Litvinov had also been the guy who didn't want to send arms to the Spanish Republic, so I don't particularly care that he was removed.The switch to a foreign policy that promoted the "anti-imperialists" of Berlin and Rome was a demoralizing shock to a steadily degenerating Comintern.


According to Yagoda in the trials, he opposed killing Kirov because he was against terrorism. Yagoda also said "That is not quite how it was ... It was not like that." According to the trials, Stalin's security chief, with his hired gunmen and poison lab, was assassinating people at leisure throughout his tenure. How do we know Frunze and Dzerzhinsky were not among his victims?


Furthermore, speaking at the trial, Konon Berman-Yurin said that: "In the evening we [Berman-Yurin and Trotsky] continued our conversation. I asked him how individual terrorism could be reconciled with Marxism. To this Trotsky replied: problems cannot be treated in a dogmatic way. He said that a situation had arisen in the Soviet Union which Marx could not have foreseen." There were disagreements between individual persons on the acceptability of individual terrorism.Individual terrorism goes against the very core of Marxism, and also Trotsky's analysis of the Soviet Union. Marxism, in Russia in particular, was founded in the staunchest opposition to the terroristic methods of the populists, anarchists and SRs. If Trotsky had wanted to take power in such a manner he would have staged a military coup and not have resigned from the post of War Commissar to counter charges he was planning one.

The Marxist revolutionary who reverted to the methods of assassination was in fact Stalin. There was never a Trotsky-Zinoviev Fascist Terrorist Center killing loyal Stalinists. On the contrary the Soviet intelligence apparatus and Comintern revisionists were busily assassinating as many Trotskyists as they could, particularly in the USSR, Spain, Greece, Vietnam and China.


Actually, Kirov and Stalin were quite close. I mean, Molotov often disagreed with a few of Stalin's policies in private, but Molotov and Stalin generally remained close friends for many years.Yes, IIRC official propaganda hammered in the point that they were great pals. But Molotov was not approached by old party members who said they would prefer him as an alternative to Stalin.

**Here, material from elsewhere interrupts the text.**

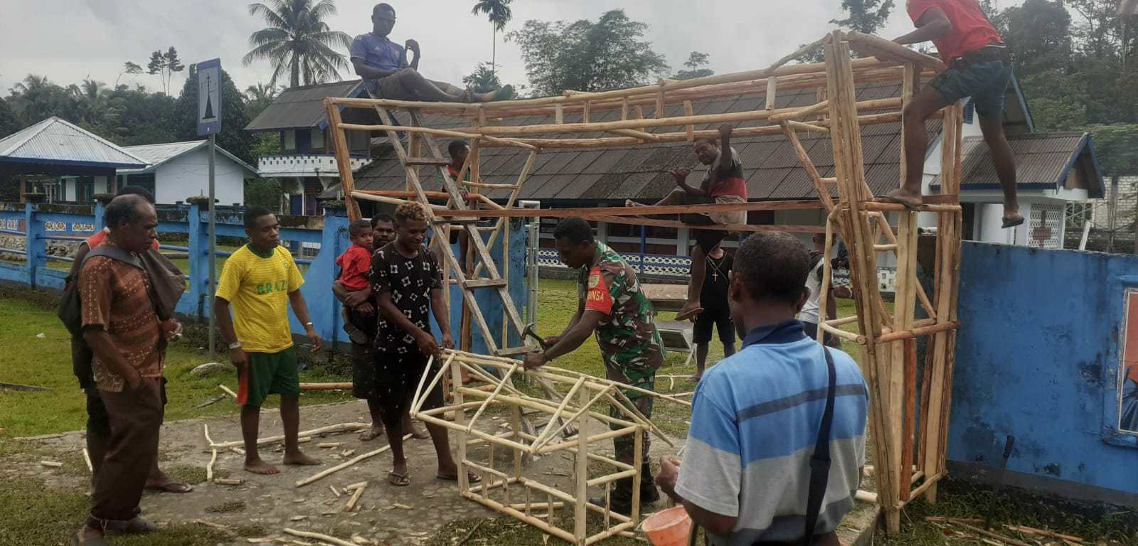 SENTANINEWS.ID – Biak – Babinsa Koramil 1708-01/Biak Kota Serda Andarias Pariaribo bergotong- royong bersama warga jemaat gereja GKI Firdaus Syabes dalam pembuatan gapura Gereja dan pembuatan pondok Natal, di Kampung Syabes, Distrik Yendidori, Kabupaten Biak Numfor, Papua, Kamis 08 Desember 2022.

More obvious than 'terror' in 1934-5 was the continuation of the Kirov-Stalin policy of socioeconomic relaxation combined with the activation and radicalization of party work. Although many of these social and political measures have been attributed to Kirov in opposition to Stalin, it is more likely that Stalin supported the new policies."
(J. Arch Getty. Origins of the Great Purges: The Soviet Communist Party Reconsidered, 1933-1938. New York: Cambridge University Press, 1985. pp. 92-95.)Why is it unfathomable that Stalin would kill someone and then take his policies? Stalin took up the Left Opposition's policies of industrialization and collectivization after he defeated them by allying with the Right.


So yes, it did make sense to assassinate Kirov in the same way as it made sense to assassinate Kaganovich, Molotov, and others.Killing Kaganovich and Molotov would be an absolute waste of time. The Trotsky-Fascist-Rightist Conspiracy Center might as well have assassinated the comrade who shined Stalin's boots, if it wasn't one of those two. There was even a humorous "Molotov affair" when toady #1 was conspicuously left out of the list of people who the Trotsky-fascists were planning to kill.